ここは今朝の高知空港。滑走路南東の、物部川河口の堤防上から撮影しました。撮影した時刻は6時過ぎ。まだ飛行機が離発着する時刻ではないのに、滑走路に照明。これは、毎朝行われゆう始業点検やと思われます。雲がたちこめる風景の中に、美しい滑走路が浮かび上がります。

ここは、日章村でした。
昭和17年、立田村、三島村、田村が合併して日章村になりました。そして、この場所の民有地が接収され、海軍高知航空隊の飛行場と基地が建設されることになったのはご承知の通り。
この目の前の滑走路のところにあった山、室岡山の話は、このにっこりでも何度も書いてきました。標高28.2m。南面には久枝八幡宮さんが鎮座。
その山は、宝永南海地震(1707年)、安政南海地震(1854年)の際には地元住民の避難場所となり、多くの人命を救うた山でした。なので、「命山」「宝山」と呼ばれた、という何度も書いてきた話。
南麓に鎮座ましましちょった福楽寺というお寺さんは、宝永地震津波で流され、宮の前に移転するも、明治初期の廃仏毀釈運動で廃寺。地蔵菩薩がご本尊やったので、今、空港の南の道路沿いに鎮座するお地蔵さんが関係するがやないた、と考えたりしゆうところです。

さて、命山。
今、南国市など、高知の太平洋岸にはたくさんの避難タワーが建設されています。それはそれでホントに大切なこと。ただ、あの、東日本大震災の巨大津波の映像を思い出すと、それだけで十分なのか、安全なのか、と考えさせられます。
このにっこりで、震災後、何度も書いてきた「命山」計画。人工の山、高台を、津波被災エリアにたくさんつくる、という提案。まずは避難タワー、ということでどんどんと計画が進んでおりますが、併せて命山も構築すべきではないか。

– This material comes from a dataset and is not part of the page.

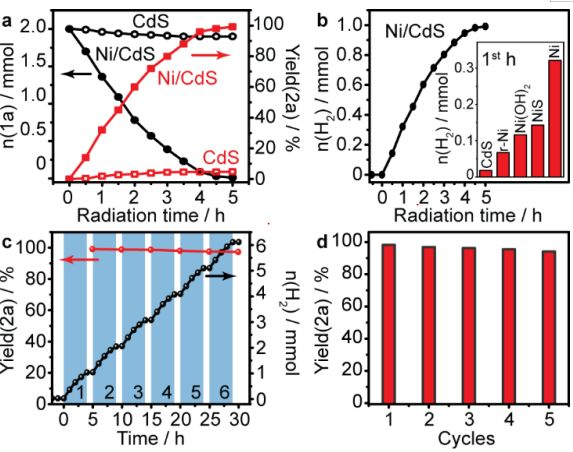 我們選用卞胺作為反應物(1a),分析評估了Ni/CdS催化劑的光催化脫氫偶聯活性(圖3)。與純CdS樣品相比,Ni/CdS表現出非常高的脫氫偶聯活性和選擇性。定量分析發現,催化劑的活性與反應過程中氫氣生成速率成正比,并且Ni納米簇體現出比其他助劑更優異的催化性能(圖3b)。此外,Ni/CdS催化劑具有非常好的循環穩定性(圖3c,d)。▲Figure 3. Performance of the Ni/CdS photocatalyst. (a, b) Evolution of reactant (1a) and products (2a and H2). Reaction conditions: 4 mg of CdS, 0.24 mM of Ni2+, 2 mmol of 1a under deaerated conditions in 10 mL DMF. The inset shows the H2 evolution within initial 1 h of CdS modified by different co-catalysts. (c, d) Stability test of the Ni/CdS photocatalyst. 2 mmol of 1a is added for each cycle. The blue bars mark the irradiation period.

今朝の高知新聞に、静岡県袋井市で、「命山」整備計画が進んでいる、という話が載っておりました。避難ビルや避難タワーがないエリアでの、補完的意味合いでしょうか。
地震対策で有名な、高知大学の岡村先生の研究室でお話を伺うた際に、今次の東日本大震災で、人工的につくられた小山に逃げて助かった現場の写真も見せて頂きました。命山はかなり有効であると、岡村先生もおっしゃっておられます。

命山。
人工の小山は、普段は植栽を施して公園として利用できます。そして、何より、山には斜面があります。あの東日本の巨大津波の映像の破壊力。直線的な人工構築物より、斜面によって破壊力を緩和する方が効果的でしょう。避難タワーは、これから、維持管理していく必要もあるし、耐用年数の問題もある。巨大な船などが流されてきて避難タワーにぶつかってきたら、破壊されてしまうかも知れないが、山の斜面だと打ち上げられ、破壊されない。
そして、この目の前にあった命山の記録では、逃げ後れて津波に流された人が、命山に流れ着いて助かった、という話もあります。そう。斜面には流れ着くことができる。避難タワーの壁面は直立なので、そんなことは無理。

かつて、この風景の中にあった「命山」。今はもう無い「命山」。
今朝の袋井市の命山計画の記事を読んで、久々に、書いてみました。時間はないかも知れないし、あるかも知れない。少しづつ、高知でも、命山を整備していく「命山計画」を提案します。